The system 100 may further include an electrical connector 196 disposed at a first end 193 of the second power line 192, where the heating element 160 is disposed at a second end of the second power line 192 (which is opposite the first end 193). In some aspects, the electrical connector 196 is disposed on or adjacent to the reservoir 150. In this manner, the reservoir 150 with a heating element 160 therein may lack any external wiring, e.g., merely having an electrical connector that is exposed (e.g., temporarily) for connectivity. In other aspects, the electrical connector 196 is disposed away from the reservoir 150, e.g., along a wire or the like that can be plugged in for operation of one or more of the heating components described herein. The electrical connector 196 may include any as known in the art, such as a plug (male or female), board-to-board connectors, cable/wire-to-cable/wire connectors, cable/wire-to-board connectors, universal serial bus (USB), mini USB, pin connectors or receivers (e.g., 8-pin connectors, 30-pin connectors, and the like), and the like.

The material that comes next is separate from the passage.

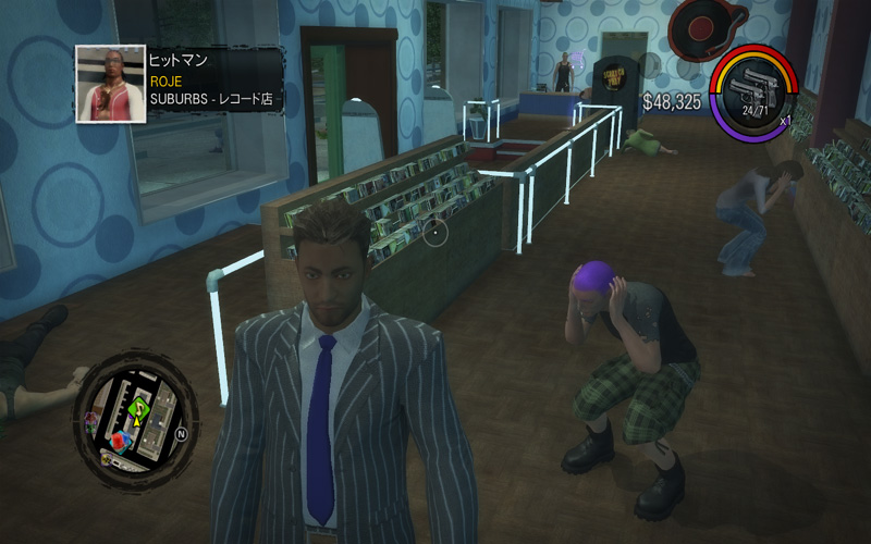 客が怯えているのは外でセインツが警察相手にドンパチはじめたからであって、私は(まだ)何もしていません。

FIG. 2 illustrates a device structurally configured for use with a wet saw, in accordance with a representative embodiment. The device 200 may include any of the components described in the system 100 above with reference to FIG. 1 such as the components configured for heating a coolant for the wet saw 102 described above. In this manner, the device 200 may be structurally configured for use with a wet saw (or similar tool) such as that described above or otherwise known in the art. For example, the device 200 of FIG. 2 may include a reservoir 250 having one or more components that are configured to maintain a threshold temperature (e.g., a temperature above a freezing point) for a coolant to be contained within the reservoir 250.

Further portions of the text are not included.